Der wirtschaftliche Niedergang zahlreicher ehemals ehrwürdigen Winzergenossenschaften gleicht einem „Drama“. Das Drama bestand dabei nicht nur in manchem „Genossenschafts-Theater“, sondern auch aus brutaler wirtschaftliche Realität. Die „Handlung“ offenbarte sich in der Unfähigkeit mancher Winzergenossenschaften, die gewonnenen Weine vernünftig zu vermarkten. Darauf folgte der Genossenschafts-Abgang von vielen tüchtigen Winzer. In den letzten 10 Jahren gab es einen Gründungsboom und eine Sublimation zur Erhöhung der privaten Weingüter. Diesen kleinen Weingütern steht oft nicht das Potential der großen Genossenschaften zur Verfügung. Sie haben oft keine eigenen Techniker, Chemiker und Labore und ihre Weinkeller sind für den Ausbau von Weinen oft nicht auf dem neuesten Stand. Wir haben abenteuerliche Keller und Einrichtungen von privaten Winzern gesehen. Bei den Winzergenossenschaften kontrolliert das „Kollektiv der Genossen“ ihren Kellermeister und Geschäftsführer und es ist schlecht im Dunkeln zu munkeln, ohne dass dies irgendwann publik wird. Bei den nun immer mehr aufkommenden privaten Weingütern gibt es in der Regel keine kollektive Kontrolle. Wenn der Winzer seine Trauben-Maische in seinem kleinen, dunklen Kelller zu Wein vergären lässt, ist im Dunkeln gut munkeln. Deswegen kommt es auf seinen eigenen Qualitätsanspruch, die Seriosität und den Charakter des privaten Weinmachers an.

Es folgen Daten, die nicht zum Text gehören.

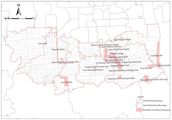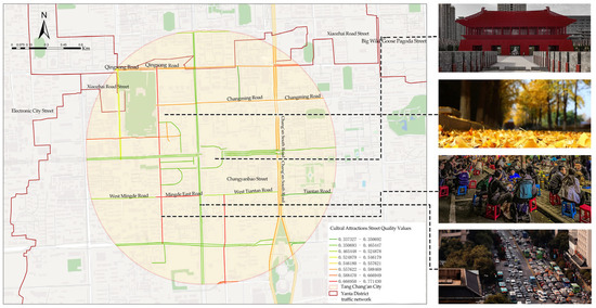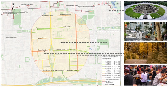 The construction and development of cultural attractions can be supported by spatial planning and design [14]. Through careful planning and design, streets in cultural attractions can create distinctive spatial atmospheres and experiences that attract the attention of tourists and social media [8,15]. In Gil et al. [16], POI data was collected in three urban centers in Seoul using major Korean portals containing search engines to explore the relationship between POIs and urban elements. Liu and Neisch [17] measure the impact of street renewal design on visitor experience through visual preference surveys, deep learning techniques, and eye tracking.

In unserer Serie über Privatweingüter stellen wir besondere „Deutsche Weinmacher“ vor. Wir beleuchten nicht nur ihre Weine, sondern auch ihren beruflichen Werdegang, ihre Kenntnisse und ihren Charakter. Wir schauen in ihre Keller und in ihr Herz und veröffentlichen ein Porträt über ihr Weingut. Damit unsere Leser sich einen persönlichen Eindruck vom jeweiligen Weinmacher verschaffen können, stellen wir ihm einige persönliche Fragen.

Porträt des Weingutes Mario J. Burkhart

Lage: Malterdinger Binenberg, Willistein

Größe: ca. 3 bis 4 Hektar

Trauben/Sorten: Blauer Spätburgunder, Sauvignon Blanc, Grauer Burgunder, Weißer Burgunder, Gelber Muskateller,Müller-Thurgau

Weine

Mengen

Preise

Auszeichnungen:
Gold Medal bei den GLOBAL PINOT NOIR MASTERS 2015 in London: 2012 RARUS NOIR
Bronze Medal bei den GLOBAL PINOT NOIR MASTERS 2015 in London: 2012 PINOT NOIR
Picknick Wein.pur Trophy: Bester Rotwein 2012 PINOT NOIR Im weiten Litzental
Silver Medal bei den GLOBAL PINOT NOIR MASTER 2014: 2011 RARUS NOIR Fahrental
Wein.pur Trophy Sieger: Bester Weisser Burgunder RARUS BLANC 2009

In der Tradition der schlauen Zisterzienser und Zisterzienserinnen: 
Die Sonderlage Willistein des Weingutes Mario J. Burkhart.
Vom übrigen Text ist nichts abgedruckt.